● REQUIREMENT
Skip the pictures. Transcribe exactly the lines from the line containing "- Double sided." to the end of the listing.

● DATA EXTRACT
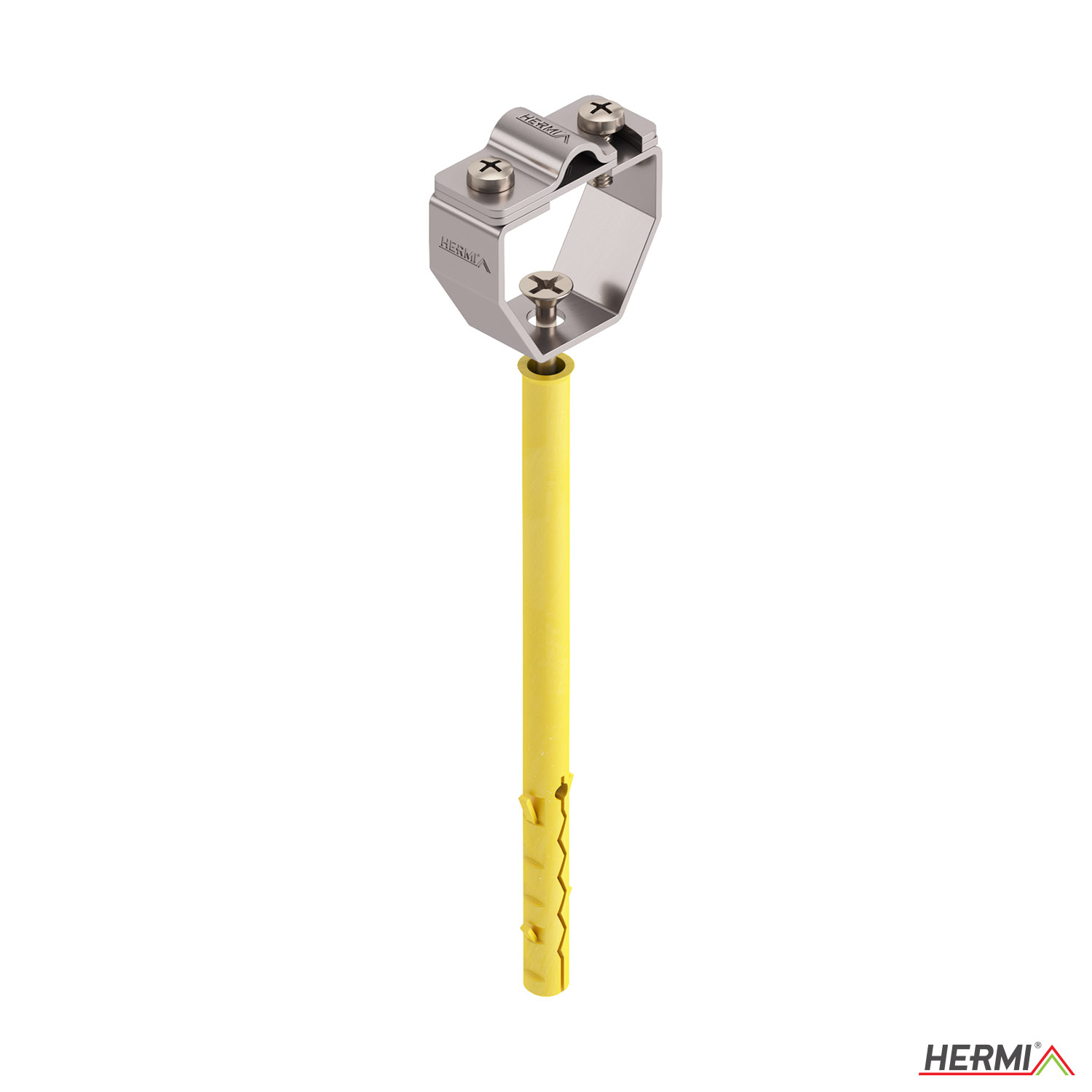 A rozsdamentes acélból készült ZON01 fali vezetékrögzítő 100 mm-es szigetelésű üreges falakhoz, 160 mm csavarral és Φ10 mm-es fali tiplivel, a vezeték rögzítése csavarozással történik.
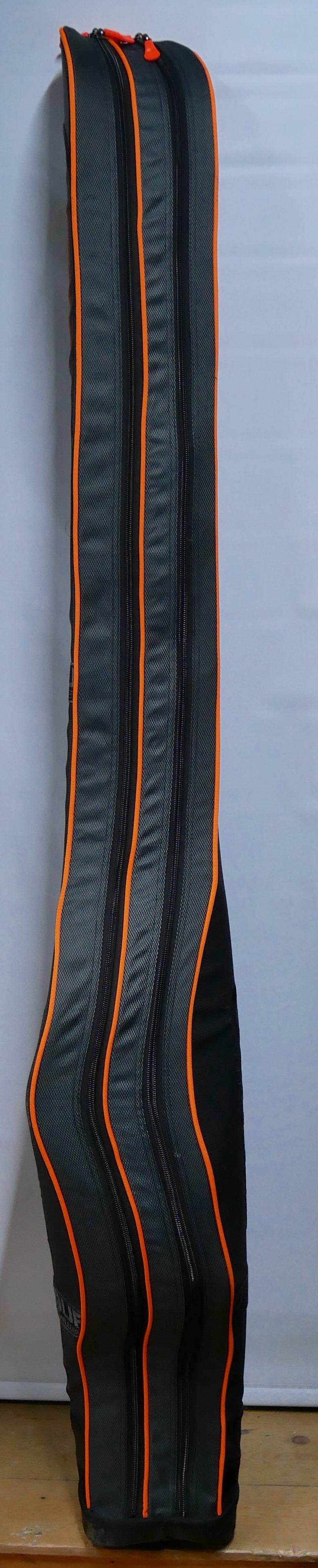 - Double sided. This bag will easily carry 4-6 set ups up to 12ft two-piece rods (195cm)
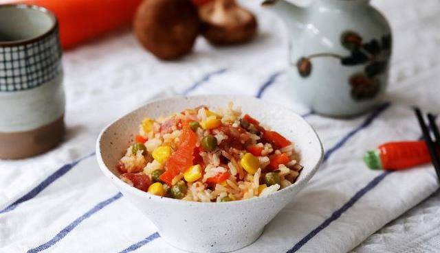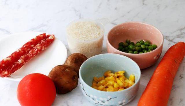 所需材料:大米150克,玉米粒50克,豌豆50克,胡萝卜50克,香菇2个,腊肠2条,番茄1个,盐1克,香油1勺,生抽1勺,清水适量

● OUTPUT BELOW
 - Double sided. This bag will easily carry 4-6 set ups up to 12ft two-piece rods (195cm)
 所需材料:大米150克,玉米粒50克,豌豆50克,胡萝卜50克,香菇2个,腊肠2条,番茄1个,盐1克,香油1勺,生抽1勺,清水适量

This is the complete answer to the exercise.